▶ [EXERCISE GOAL] Your answer must be the lines from the first record through the line that contains "iPhone 16 Pro", copied exactly and without any pictures.

▶ [EXTRACTED DATA]
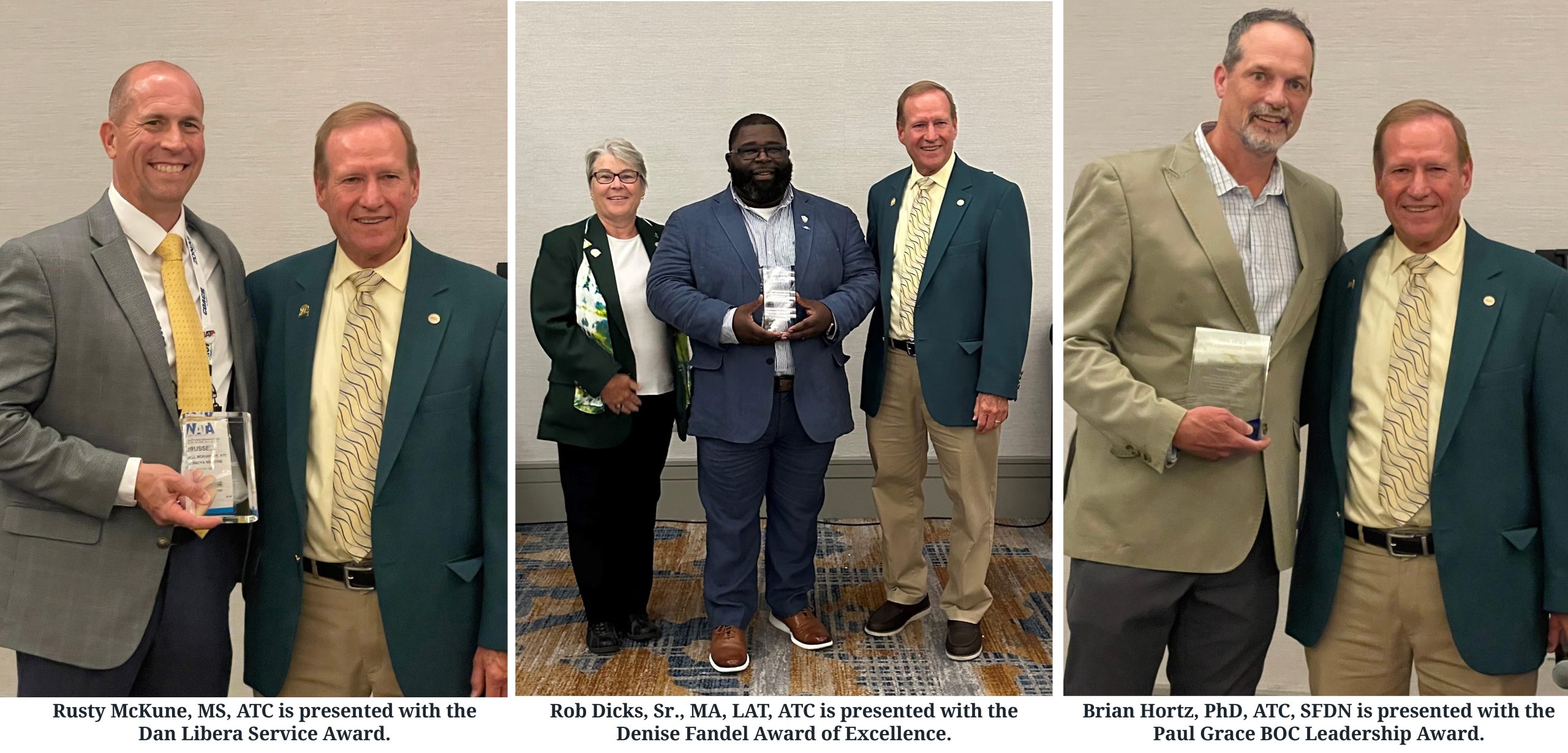 On June 22, the BOC Board of Directors and staff hosted a reception to honor BOC volunteers and to present awards. Congratulations to our 2023 volunteer service award winners: Rusty McKune, MS, ATC – Dan Libera Service Award; Rob Dicks, Sr., MA, LAT, ATC – Denise Fandel Award of Excellence; and Brian Hortz, PhD, ATC, SFDN – Paul Grace BOC Leadership Award. Each of this year’s award recipients were present.
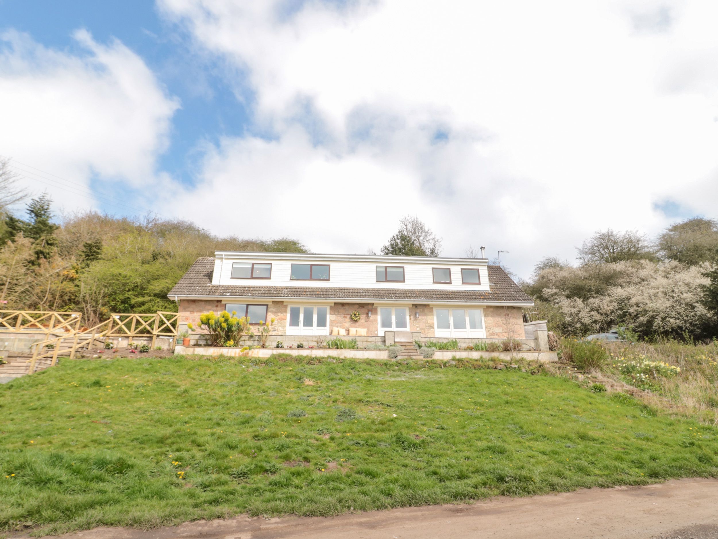 This home consists of a kitchen/diner, a utility and a sitting room. Appliances include an electric double oven and induction hob, microwave, fridge/freezer, washing machine, tumble dryer, dishwasher, Smart TV and multi-fuel stove. The bedrooms consist of two king-sizes, one of which is a zip/link can be a twin on request, and two doubles, serviced by a bathroom and shower room. Outside, there is a multi-level garden with flagstone patio and furniture, along with off-road parking for five cars. Within 2.6 miles, you will find the nearest shop, and within 1.9 miles, a pub. Two well-behaved dog welcomed, but sorry, no smoking. WiFi, fuel, power, starter pack for multi-fuel stove, bed linen, and towels are all included in the rent. Highchair, travel cot and stairgate available on request. Bring the whole family for a memorable stay at Whiteadder Bank. Note: Low wall surrounding property, with steep drop – please ensure children are always supervised. Note: The garden is not enclosed.
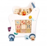 Le panneau frontal avec ses illustrations colorées et son encastrement d’animaux apprend à reconnaître les formes et les couleurs tout en développant la motricité fine et la concentration.
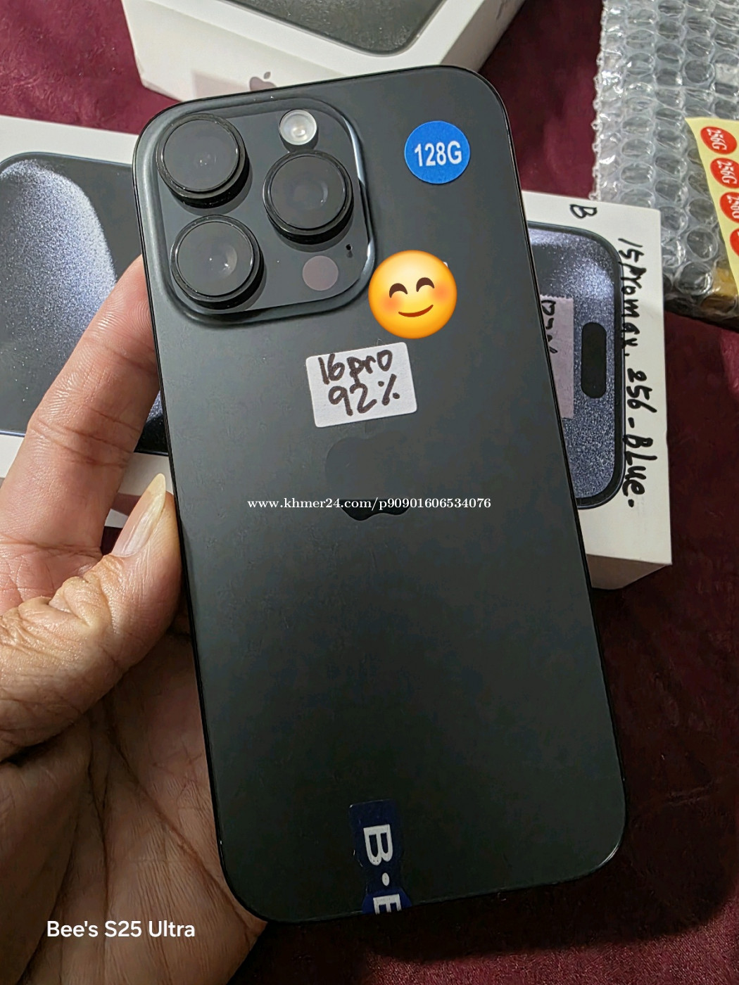 iPhone 16 Pro 128g ពណ៍ខ្មៅ សំនុំស៊ីនណែនស្អាត ថ្មស៊ីន 92% Sim1+Esim លក់ 745$ Tel: 093989xxxClick To Call
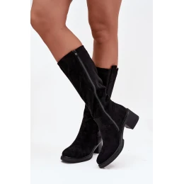 Dámské kozačky vyrobené z ekologické semišové kůže. Model s uzávěrem na zip. Upevněny na stabilním podpatku ve tvaru kostky, což zajišťuje pohodlí a jistotu kroku. Zaoblené špičky dodávají celku jemný, ženský charakter. Vnitřek vyhřátý pěnou pokrytou látkou zaručuje teplo a pohodlí v chladnějších dnech. Klasický střih umožňuje, aby kozačky skvěle ladily jak s přiléhavými kalhotami typu skinny, tak s šaty či sukněmi, čímž vytvářejí stylové a univerzální sady na různé příležitosti. Při výběru velikosti se řiďte tabulkou velikostí.

▶ [RESPONSE BELOW]
 On June 22, the BOC Board of Directors and staff hosted a reception to honor BOC volunteers and to present awards. Congratulations to our 2023 volunteer service award winners: Rusty McKune, MS, ATC – Dan Libera Service Award; Rob Dicks, Sr., MA, LAT, ATC – Denise Fandel Award of Excellence; and Brian Hortz, PhD, ATC, SFDN – Paul Grace BOC Leadership Award. Each of this year’s award recipients were present.
 This home consists of a kitchen/diner, a utility and a sitting room. Appliances include an electric double oven and induction hob, microwave, fridge/freezer, washing machine, tumble dryer, dishwasher, Smart TV and multi-fuel stove. The bedrooms consist of two king-sizes, one of which is a zip/link can be a twin on request, and two doubles, serviced by a bathroom and shower room. Outside, there is a multi-level garden with flagstone patio and furniture, along with off-road parking for five cars. Within 2.6 miles, you will find the nearest shop, and within 1.9 miles, a pub. Two well-behaved dog welcomed, but sorry, no smoking. WiFi, fuel, power, starter pack for multi-fuel stove, bed linen, and towels are all included in the rent. Highchair, travel cot and stairgate available on request. Bring the whole family for a memorable stay at Whiteadder Bank. Note: Low wall surrounding property, with steep drop – please ensure children are always supervised. Note: The garden is not enclosed.
 Le panneau frontal avec ses illustrations colorées et son encastrement d’animaux apprend à reconnaître les formes et les couleurs tout en développant la motricité fine et la concentration.
 iPhone 16 Pro 128g ពណ៍ខ្មៅ សំនុំស៊ីនណែនស្អាត ថ្មស៊ីន 92% Sim1+Esim លក់ 745$ Tel: 093989xxxClick To Call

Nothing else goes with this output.